From the son of a small town tugboat captain to the Father of American Pin-Up Art, Rolf Armstrong led a full life and had a long and prolific career. In 1919, Armstrong aligned himself with Brown & Bigelow where he painted countless images for advertising calendar art.
Mahlon Blaine’s best work walked the razor's edge between the grotesque and beautiful. A childhood accident left the artist – who was born in 1894 - blind in his left eye, an accident that contributes to the flattened perspective that marks his work.
Henry Clive's colorful life began in 1882 as Henry O'Hara in Austrailia. He made his way to Hollywood supporting himself with the trade of a magician and later became a Silent screen actor. His magazine cover illustration work ultimately propelled him into being an iconic force of the art deco Jazz Age.
Gillete Elvgren is regarded today as the most technically proficient and gifted commercial pin-up artist of the 20th century, a prolific and hard working perfectionist who created luminous portraits of the mischievous girl next door for the Louis F. Dow Calendar Company and later the Brown & Bigelow Calendar Company.
One of the most prolific yet unheralded American pulp, advertising, and pin up illustrators of the 20th century, Cardwell Higgins is remembered most for the highly inventive and provocative covers he created for depression-era Spicy Pulp titles such as "Silk Stockings" and "Expose Detective". Higgins left behind an incredibly wide and varied body of work, which spanned genres, styles, and generations of trends.
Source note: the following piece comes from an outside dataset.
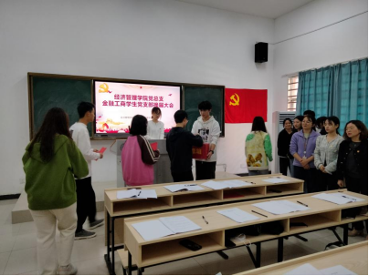 2023年3月14日中午12:30,经济管理学院金融工商物流管理学生党支部在博文楼5117召开换届选举大会。参加人员有经济管理学院金融工商物流管理学生党支部全体正式党员,会议由郭霞同志主持。

The inception of Earl Moran's vibrant career as a pin-up artist could be narrowed to 1932 when Moran signed an exclusive contract with Brown & Bigelow who eventually sold millions of calendars graced with his sensual art deco pin-up girls. Moran was a photographer, as well as an illustrator, which lent well in his portrait pin-ups by giving him a great knowledge of lighting and shadows.
Although Charles Sheldon can arguably be called one of the pioneers of pin-up art, his roots came from art nouveau style illustrations. One the highest paid illustrators of his time, his cover illustrations were ingrained in the minds and eyes of the American people. His glamorous interpretations of Clara Bow, Jean Harlow, Greta Garbo and Marlene Dietrich were in high demand.
Before Arthur Spear could read, he was fascinated with drawing pictures of horses. From that very early age, art was a clear focus for Spear. The majority of his artwork was not intended for commercial use with the exception of "Daydreams" which is his most famous image for this reason. He gave up painting in 1944, giving away all of his art supplies and destroying many of his paintings on hand.